Man rewrites story of China's first emperor

Man rewrites story of China's first emperor
Zhao Zhiyuan, at his home in Xianyang, Shaanxi province, spent 30 years researching and writing a book about Qin Shihuang, the first emperor of the Qin Dynasty (221-206 BC), who is credited with uniting China.
PHOTO: China Daily/ANN

Controversy has always surrounded Qin Shihuang, the first emperor of the Qin Dynasty (221-206 BC), who has been viewed as a tyrant throughout history.

But a restaurant owner has devoted 30 years of study in his spare time to prove that Qin Shihuang was not a tyrant, but in fact an enlightened ruler.

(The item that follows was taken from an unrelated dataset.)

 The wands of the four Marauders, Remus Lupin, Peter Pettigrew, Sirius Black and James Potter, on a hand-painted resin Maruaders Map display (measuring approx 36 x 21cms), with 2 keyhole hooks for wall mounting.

Zhao Zhiyuan, 67, who lives in Xianyang, Shaanxi province, was educated to junior high school level and runs a small cold noodle restaurant for a living.

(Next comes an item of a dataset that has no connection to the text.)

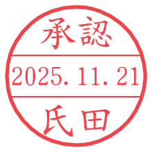 オプションの「電子透かし」をチェックし[生成]すると、見た目には分からないように、UNIXタイムスタンプを識別情報としてPNG形式の日付印に埋め込みます。 日付スタンプメーカーの使い方「部署」「名前」は最大8文字まで入力が可能です。「スタンプの色」を選択し、[生成]ボタン押下で印影画像が更新され、背景を透明に設定したPNG形式とPDF形式の印影画像がリンクからダウンロードできます。 オプションの「電子透かし」は、その性格上日付印ととても相性の良い付加サービスです。 別ページの「タイムスタンプと電子透かし」でも詳しく解説しますが、このオプションを追加することで、日付印が生成された日時に確かにその印が存在していることが証明されます。 ![]() 氏田さんの電子印鑑が作れます。社内でのデータ書類閲覧確認用など、認印的な使い方のできる電子印鑑が作れます。 ![]() 古代文字で落款印が作れます。「落款スタンプメーカー」で作品を引き立たせる落款印が作れます。

After learning a little about Qin Shihuang, who ruled from 259-210 BC, at primary school, Zhao started to worship the emperor who unified China and established the first feudal dynasty in Chinese history.

Almost every day after school, Zhao would go to a teahouse to listen to stories and discussions about China's first emperor, or would go to the library to read books about him.

"Over the weekend, I would stay in the teahouse for the whole afternoon to listen to the discussion about the emperor, and I would write down the views the adults discussed in my notebook and then confirm them by consulting historical books," Zhao recalled.

For years, Zhao took a great interest in the emperor. "Many people said that Qin Shihuang was a tyrant because he killed a number of intellectuals who had different ideas from him and set fire to books, but I learned that Qin created a secure state, his people were honest and law-abiding and his officials were sensitive to people's needs," Zhao said.

In 1985, after reading many books, Zhao decided to begin writing a book of his own about the emperor.

"I had to write my book late at night, since I ran a small inn and had to serve my guests at that time," Zhao said.

In order to gather more information to support his views, Zhao visited many libraries in provinces and cities all over the country, leaving the inn for his wife, Wang Yifang, to manage.

His wife said, "I have been supporting him for years because I think reading and writing are very good hobbies."

Wang said that when they ran the inn, and later when they had their small noodle restaurant, she looked after the business as much as possible to give her husband more time to write his book.

"I never complained when sometimes he got up and wrote his book at midnight," Wang said.

In June, Zhao published his book, The Legend of the Great Qin Shihuang, which is 380,000 words long and is based on his 30 years of studies.

In the book, Zhao argues that Qin Shihuang was the greatest statesman, strategist and reformer in Chinese history.

Zhao also wrote several other books about the emperor over the years and paid to have them printed.

"I did not sell the books but gave them to my relatives and friends as gifts. I wrote the books as my own legacy," Zhao said.

Zhao Chunguang, honorary president of the Writers' Association of Xianyang and also a writer and historian, said that Zhao's book has significance for academic studies on the emperor and on the Qin Dynasty.

"I have known Zhao for more than 20 years, and I think it was very hard for him to persist in studying and researching Qin Shihuang and the culture of the Qin Dynasty," Zhao Chunguang said.

He said that the residents of Xianyang, which used to be the capital of the Qin Dynasty, should learn from Zhao and pay attention to the dynasty's culture.